Un travail de concertation a été mis en place par la direction de l’EPM à la suite de la visite des contrôleurs pour réviser les modalités du partage d’information des régimes différenciés et les prises de décision quant à l’affectation des mineurs.

Des activités diverses sont mises en place, mais d’une part elles pâtissent de l’absentéisme des éducateurs et des surveillants et d’autre part, elles ne bénéficient qu’à un nombre limité de jeunes et leur la pertinence n’est pas réévaluée par la PJJ.

Enfin, comme lors de la dernière visite, l’accès aux soins est garanti, des actions d’éducation à la santé déployées ; de plus, une bonne articulation entre les psychologues de l’US, EN et PJJ est relevée. Le partage d’information sur la prévention du suicide est efficient. Néanmoins, les niveaux d’escorte décidées lors d’une CPU dédiée mise en place depuis le début de l’année 2022 ne sont pas toujours adaptés à l’état de santé du mineur. De plus, les escortes assistent toujours aux consultations médicales en violation du secret médical, malgré les recommandations précédentes du CGLPL.

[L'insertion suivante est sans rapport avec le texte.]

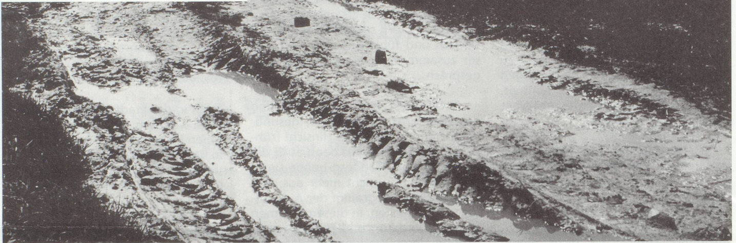
▼ Birsschlucht bei Münchenstein
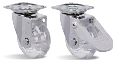
GLAP 210 GEL
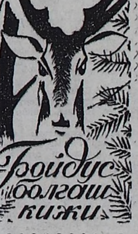
Бойдус болгон кижилер
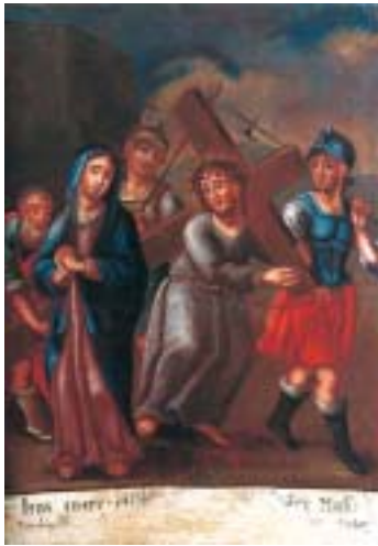
IV. Isus susreće majku svoju IV. Christ meets His Blessed Mother
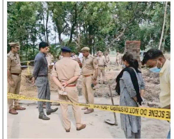
नेशनल एक्सप्रेस ब्यूरो

रायबरेली। खेत में काम कर रहे किसान की मंगलवार दिनदहाड़े फावड़े से काटकर हत्या कर दी गई। पुलिस ने शव को पोस्टमार्टम में भेजकर जांच शुरू कर दी है। तनाव की आशंका के मद्देनजर मौके पर भारी पुलिस बल को तैनाती की गई है।
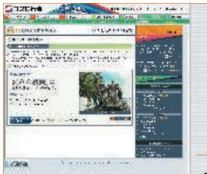
ホームページ 「TVCM on the Web」

WEB ▶ http://www.cosmo-oil.co.jp/tvcm/index.html
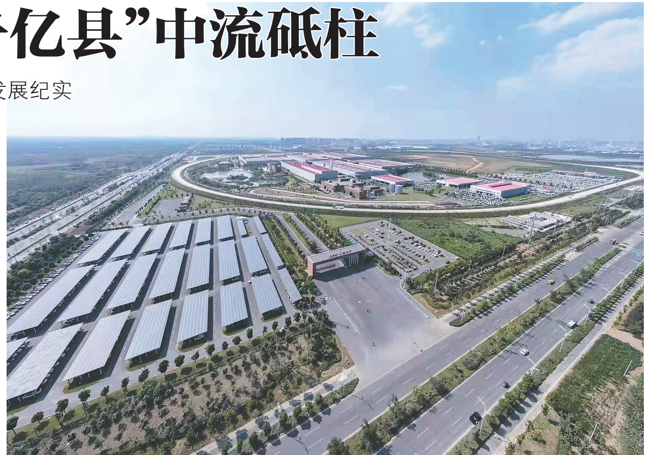
肥西经开区江汽轻卡新港基地

如今肥西县、肥西经开区都站在了开放的潮头浪尖。作为合肥西南主城区重要组成部分，优越的区位优势与基础设施配套赋予肥西得天独厚的发展根基。长三角一体化发展、“一带一路”节点城市、国家综合枢纽城市、G60科创走廊节点城市、合肥都市圈、安徽自贸试验区启动建设等一系列政策机遇叠加，为肥西发展带来无限机
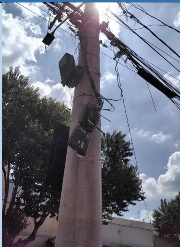
CABOS NÃO ANCORADOS, CABOS ROMPIDOS, EQUIPAMENTOS FORA DE PADRÃO
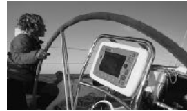
RYA SEGEL KURSE ANERKANNT
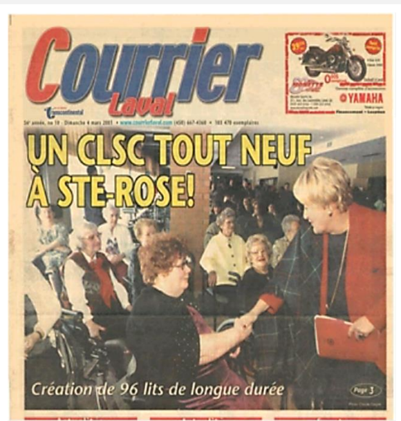
Le Courrier Laval, 4 mars 2001
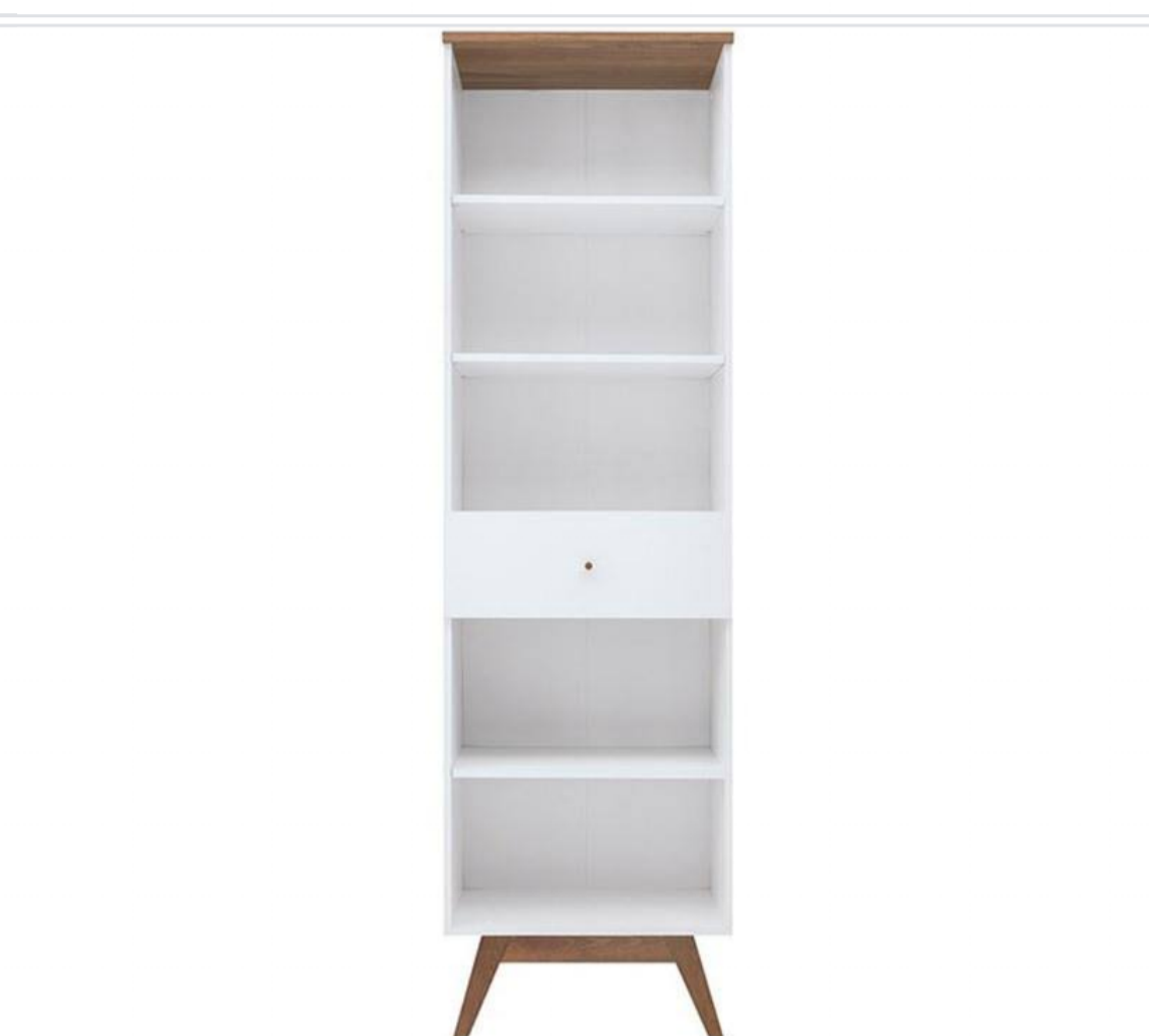
Muebles con diseño Tugow
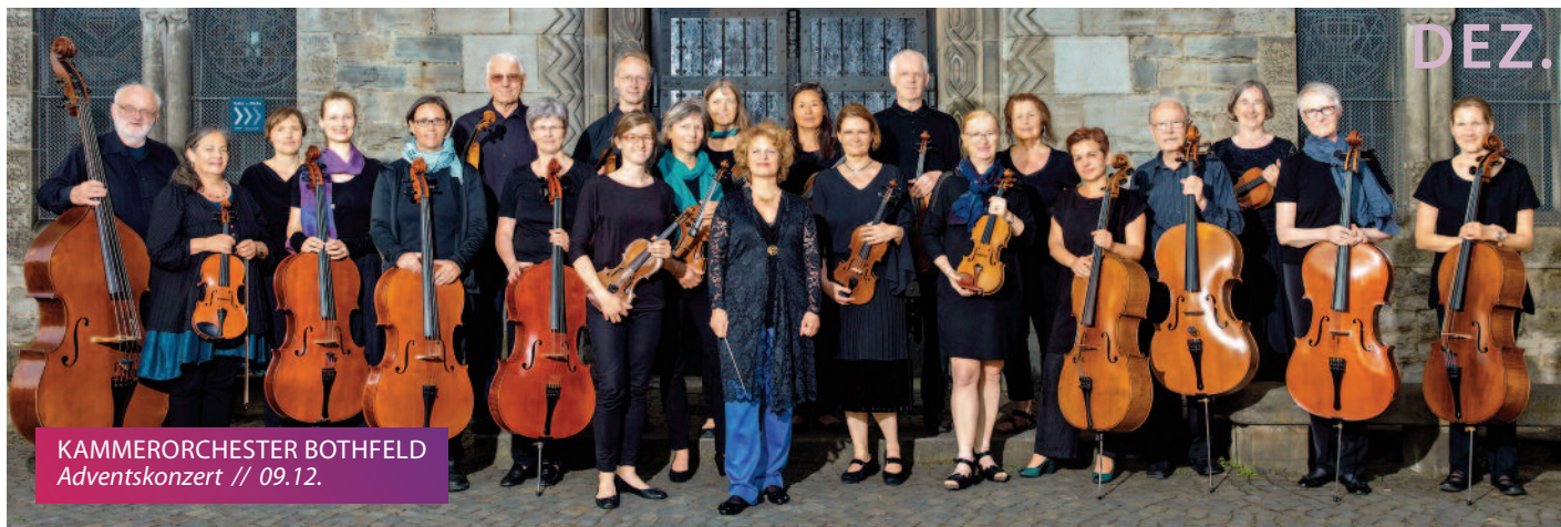
KAMMERORCHESTER BOTHFELD Adventskonzert // 09.12.

Dans le cadre de la procédure contradictoire, la direction de l’EPM, soucieuse d’améliorer la prise en charge des mineurs incarcérés, a pris en compte les observations des contrôleurs très rapidement après la mission.

[1] CGLPL, Rapport de la 1ère visite de l’établissement pénitentiaire pour mineurs de Marseille, janv. 2011.

[2] CGLPL, Rapport de la 2ème visite de l’établissement pénitentiaire pour mineurs de Marseille, mars 2015.

[3] CGLPL, Rapport de la 3ème visite de l’établissement pénitentiaire pour mineurs de Marseille, mars 2018.